Logging the training progress¶

This example shows how to use the pymia.evaluation package to log the performance of a neural network during training. The TensorBoard is commonly used to visualize the training in deep learning. We will log the Dice coefficient of predicted segmentations calculated against a reference ground truth to the TensorBoard to visualize the performance of a neural network during the training.
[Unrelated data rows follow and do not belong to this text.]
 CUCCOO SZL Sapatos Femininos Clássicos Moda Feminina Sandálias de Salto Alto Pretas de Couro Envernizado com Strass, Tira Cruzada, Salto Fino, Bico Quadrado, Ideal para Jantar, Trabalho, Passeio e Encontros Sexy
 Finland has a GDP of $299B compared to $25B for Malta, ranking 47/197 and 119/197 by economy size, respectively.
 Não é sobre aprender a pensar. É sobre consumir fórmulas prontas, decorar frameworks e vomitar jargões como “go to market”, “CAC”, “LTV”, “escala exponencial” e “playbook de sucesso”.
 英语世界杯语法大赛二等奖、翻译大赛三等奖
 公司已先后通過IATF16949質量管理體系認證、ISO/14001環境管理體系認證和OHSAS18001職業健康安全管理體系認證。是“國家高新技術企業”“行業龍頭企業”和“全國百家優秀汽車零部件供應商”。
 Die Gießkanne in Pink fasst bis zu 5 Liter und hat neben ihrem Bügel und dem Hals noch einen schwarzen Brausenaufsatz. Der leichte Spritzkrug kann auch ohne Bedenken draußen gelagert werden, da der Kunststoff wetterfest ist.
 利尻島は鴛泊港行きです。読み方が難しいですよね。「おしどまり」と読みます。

This example uses PyTorch. At the end of it, you can find the required modifications for TensorFlow.

Tip

This example is available as Jupyter notebook at ./examples/evaluation/logging.ipynb and Python scripts for PyTorch and TensorFlow at ./examples/evaluation/logging_torch.py and ./examples/evaluation/logging_tensorflow.py, respectively.

Note

To be able to run this example:

Get the example data by executing ./examples/example-data/pull_example_data.py.
Install torch (pip install torch).
Install tensorboard (pip install tensorboard).
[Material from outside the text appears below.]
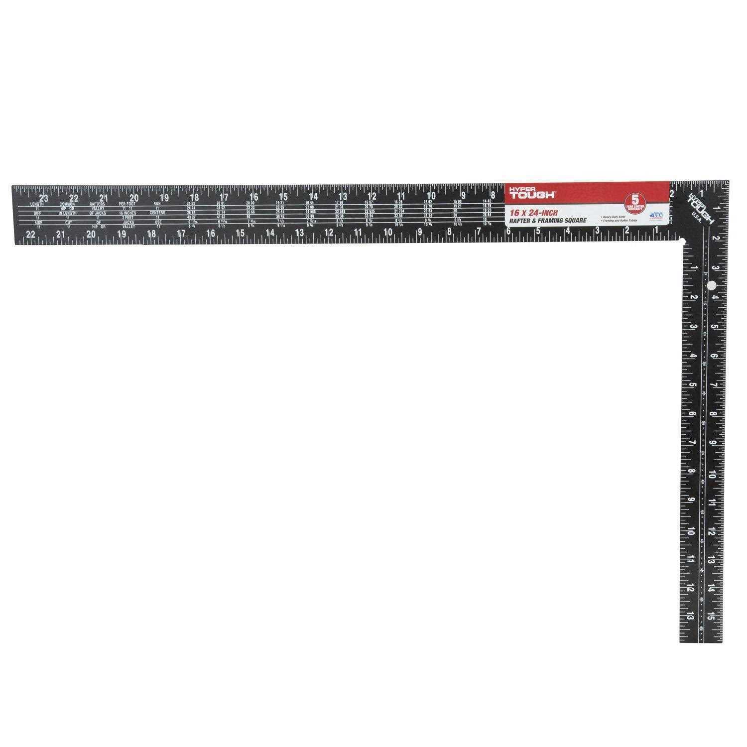 Complete roofing projects and other jobs with the help of the Hyper Tough 16 inch x 24 inch Black Steel Rafter Square. A high-visibility powder finish makes the thermo-bonded embossed graduations in four scales easier to read for precise measurements. There are also rafter, brace and framing tables to make accurate calculations for every project. A hang hole offers convenient, space-saving storage in your workshop, while high-grade steel construction provides longer life and durability. Markings in English and Metric increase the versatility of this framing square tool. It’s a useful measurement device for professional contractors and do-it-yourselfers alike.
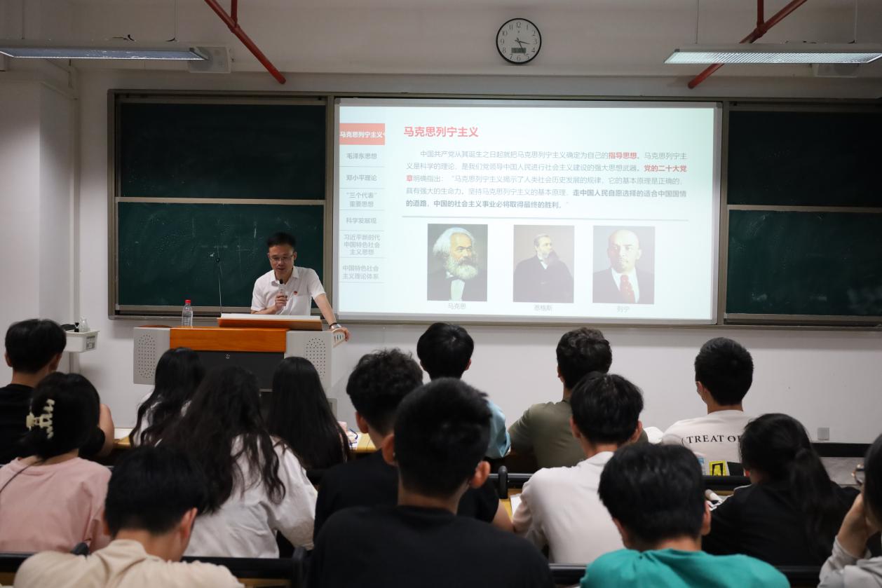 陳天炎院長(zhǎng)分別從理論的形成與發(fā)展、理論的主要內(nèi)容、理論的歷史地位三個(gè)方面,對(duì)馬克思列寧主義、毛澤東思想、鄧小平理論、“三個(gè)代表”重要思想、科學(xué)發(fā)展觀、習(xí)近平新時(shí)代中國(guó)特色社會(huì)主義思想展開(kāi)講解。他指出,全體學(xué)員要深刻理解習(xí)近平新時(shí)代中國(guó)特色社會(huì)主義思想的核心要義、精神實(shí)質(zhì)、豐富內(nèi)涵、實(shí)踐要求,不斷增強(qiáng)政治意識(shí)、大局意識(shí)、核心意識(shí)、看齊意識(shí),立志做有理想、敢擔(dān)當(dāng)、能吃苦、肯奮斗的新時(shí)代好青年,讓青春在全面建設(shè)社會(huì)主義現(xiàn)代化國(guó)家的火熱實(shí)踐中綻放絢麗之花。

Further, it might be good to be familiar with Data extraction and assembling and Evaluation of results.

Import the required modules.

[1]:

import os

import numpy as np
import pymia.data.assembler as assm
import pymia.data.backends.pytorch as pymia_torch
import pymia.data.definition as defs
import pymia.data.extraction as extr
import pymia.data.transformation as tfm
import pymia.evaluation.metric as metric
import pymia.evaluation.evaluator as eval_
import pymia.evaluation.writer as writer
import torch
import torch.nn as nn
import torch.utils.data as torch_data
import torch.utils.tensorboard as tensorboard

Let us create a list with the metric to log, the Dice coefficient.

[2]:

metrics = [metric.DiceCoefficient()]

Now, we need to define the labels we want to log during the training. In the provided example data, we have five labels for different brain structures. Here, we are only interested in three of them: white matter, grey matter, and the thalamus.

[3]:

labels = {1: 'WHITEMATTER',
          2: 'GREYMATTER',
          5: 'THALAMUS'
          }

Using the metrics and labels, we can initialize an evaluator.

[4]:

evaluator = eval_.SegmentationEvaluator(metrics, labels)

The evaluator will return results for all subjects in the dataset. However, we would like to log only statistics like the mean and the standard deviation of the metrics among all subjects. Therefore, we initialize a statistics aggregator.

[5]:

functions = {'MEAN': np.mean, 'STD': np.std}
statistics_aggregator = writer.StatisticsAggregator(functions=functions)

PyTorch provides a module to log to the TensorBoard, which we will use.

[6]:

log_dir = '../example-data/log'
tb = tensorboard.SummaryWriter(os.path.join(log_dir, 'logging-example'))

We now initialize the data handling, please refer to the above mentioned example to understand what is going on.

[7]:

hdf_file = '../example-data/example-dataset.h5'
transform = tfm.Permute(permutation=(2, 0, 1), entries=(defs.KEY_IMAGES,))
dataset = extr.PymiaDatasource(hdf_file, extr.SliceIndexing(), extr.DataExtractor(categories=(defs.KEY_IMAGES,)), transform)
pytorch_dataset = pymia_torch.PytorchDatasetAdapter(dataset)
loader = torch_data.dataloader.DataLoader(pytorch_dataset, batch_size=100, shuffle=False)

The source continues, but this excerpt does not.